In May of 1856, a small party consisting mainly of Brown and his sons raided the cabins of proslavery men, killing five of them. Up to that time there had been little bloodshed between proslavery and free-state groups. Brown’s raid brought retaliation. On August 30, 1856, Brown and his followers were attacked by a large force of border ruffians. In the “Battle of Osawatomie” five of Brown’s men, including one of his sons, were killed and the town of Osawatomie was burned.
Brown was in and out of the area over the next few months and took part in the border skirmishes near Ft. Scott. Later, on December 23, he made a raid into Missouri to liberate slaves and other property from slaveholders.

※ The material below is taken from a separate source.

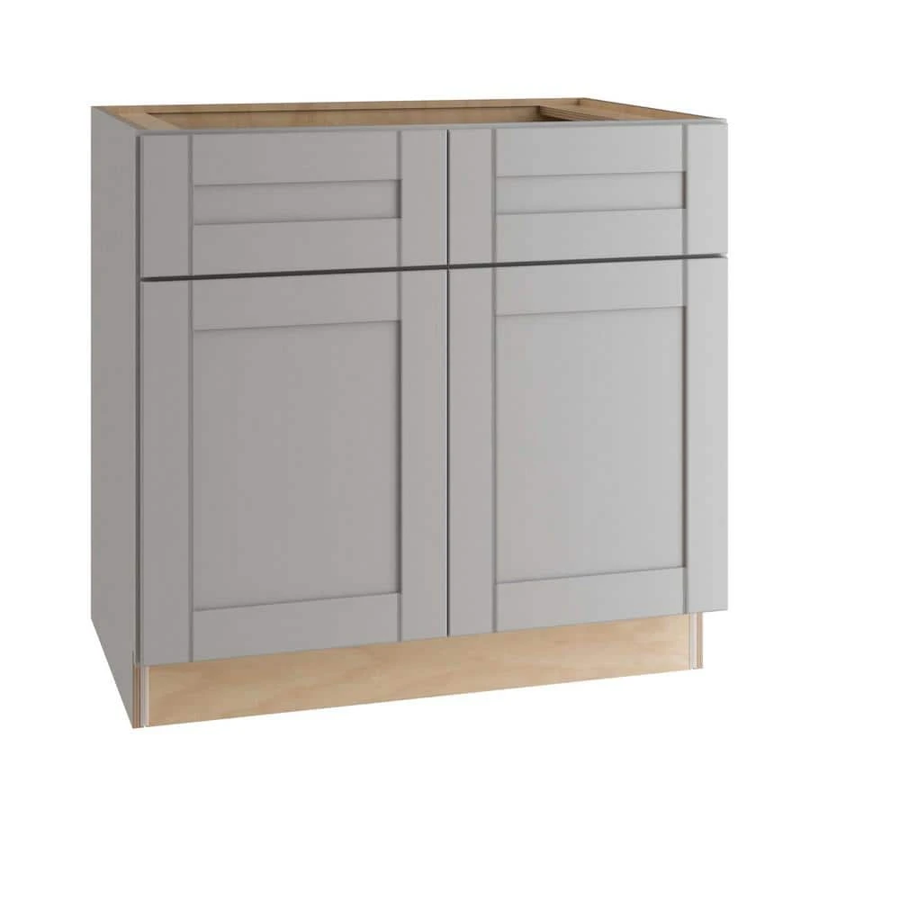 The Veiled Gray collection from Home Decorators Collection features a durable gray vinyl finish which will create a light, breezy feel in any kitchen. Shaker-style doors and drawer fronts are crafted from MDF with a flat recessed center panel. Cabinets feature CARB II compliant plywood construction with full-depth 3/4 in. thick adjustable shelves for added storage.

The group was hidden in the Adair Cabin and later safely made their way to Canada and freedom.
The John Brown State Historic Site is located in beautiful John Brown Memorial Park, which was dedicated by President Teddy Roosevelt in 1910. The family-oriented park sits on the site of the Battle of Osawatomie and houses the John Brown Museum, which includes the original Adair family cabin. Through artifacts and interpretation, visitors learn about the struggles of these early pioneers.

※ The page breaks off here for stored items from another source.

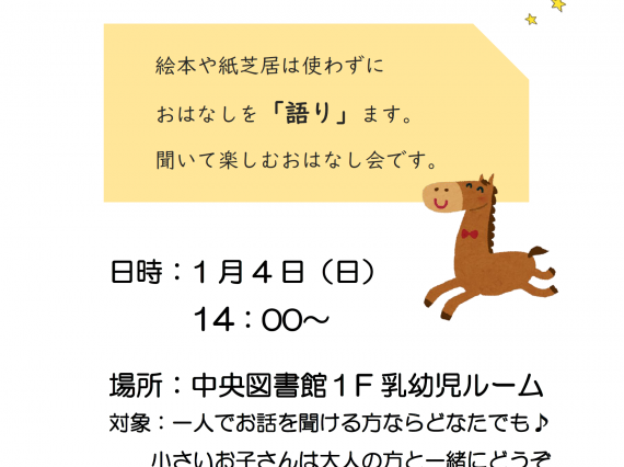 絵本や紙芝居を使わず、「語り」でお話するストーリーテリングのおはなし会です。 ポスター
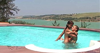 Deux petites lesbiennes en amour dans une piscine de rêve ! Erotique et glamour.(Suite & fin)
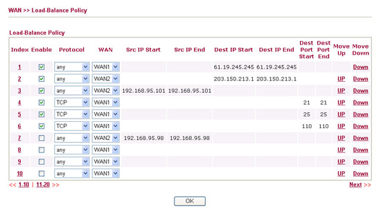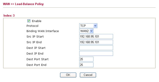 พระเอกของฟังก์ชั่นโหลด Balance อยู่ตรงจุดนี้ Vigor 2950 กำหนด Wan ขาออกของเครื่องลูกข่ายแต่ละเครื่องได้ทั้งแบบ IP Address และแบบ Port ตัวอย่างจากภาพที่ 8 เช่น IP 192.168.95.101 ให้ออกเน็ตผ่าน WAN 2 อย่างเดียว หรือจะให้ Application ในการส่งเมล์เช่น SMTP (Port 25), FTP (Port 21) และ POP3 (Port 110) ส่งออกผ่าน WAN 1 อย่างเดียวก็ได้ ซึ่ง Load Balance ในท้องตลาดหลายยี่ห้อมีปัญหาตรงจุดนี้กันมาก ซึ่งหากใช้ Internet ของ ISP ที่ต่างกัน เช่น WAN1=INET และ WAN2=True ทั้ง 2 ISP นี้จะใช้ SMTP ในการส่งข้อมูลต่างกัน ดังนั้นหากกำหนดให้ Port 25 ส่งออกผ่าน WAN ใด WAN หนึ่ง ปัญหาในการส่งเมล์ก็จะไม่เกิดขึ้น

It took hard work and courage to take a firm stand against the spread of slavery into Kansas Territory. Kansas was admitted as a free state in 1861.
This land office building was built in 1854 and was used by the first mayor of Osawatomie, H.B. Smith, and his brother who were the first land patent agents in the territory. It was deeded to the city in 1954 by A.Q. Youngberg as a memorial to his wife.
Formerly a Tourist Information Center in the summers, it was operated by the Osawatomie Historical Society.
Dedicated May 18, 1995, the Trail of Death plaque, a memorial to the Pottawatomie Indians, is on this site.
The Creamery Bridge, which spans the Marais des Cygnes River at Eighth St., is one of two Marsh Arch triple span bridges located at Osawatomie. The other spans the Pottawatomie Creek at Sixth St., and both are on the National Register of Historic Places.
James B. Marsh’s patented design used rainbow arches that would expand and contract along with the bridge floor under varying conditions of moisture and temperature. The Creamery Bridge, built in 1930, has a rainbow span reaching 140 feet into the air at its highest point. The Pottowatomie Creek Bridge was built in 1932, reaches 120 feet into the air, and contains 1,500 cubic yards of concrete and 313,000 pounds of steel. These are two of only eight Marsh Arch triple span bridges remaining in Kansas.
The Asylum Bridge, which crosses the Marais des Cygnes River at First Street, is listed on the National Register of Historic Places.
It was built during a three month period – October through December, 1905, by Kansas City Bridge Company out of Kansas City, Missouri. Its bid of $4,800 was the lowest of the ten companies bidding. The bin-connected reverse Parker truss structure is 219 feet long and 16.5 feet wide and originally has gas lights at each end.
No other examples of this bridge design have been located to date. It has been closed to vehicle traffic since the mid-1970s and, due to safety concerns, was closed to pedestrian traffic a couple decades later.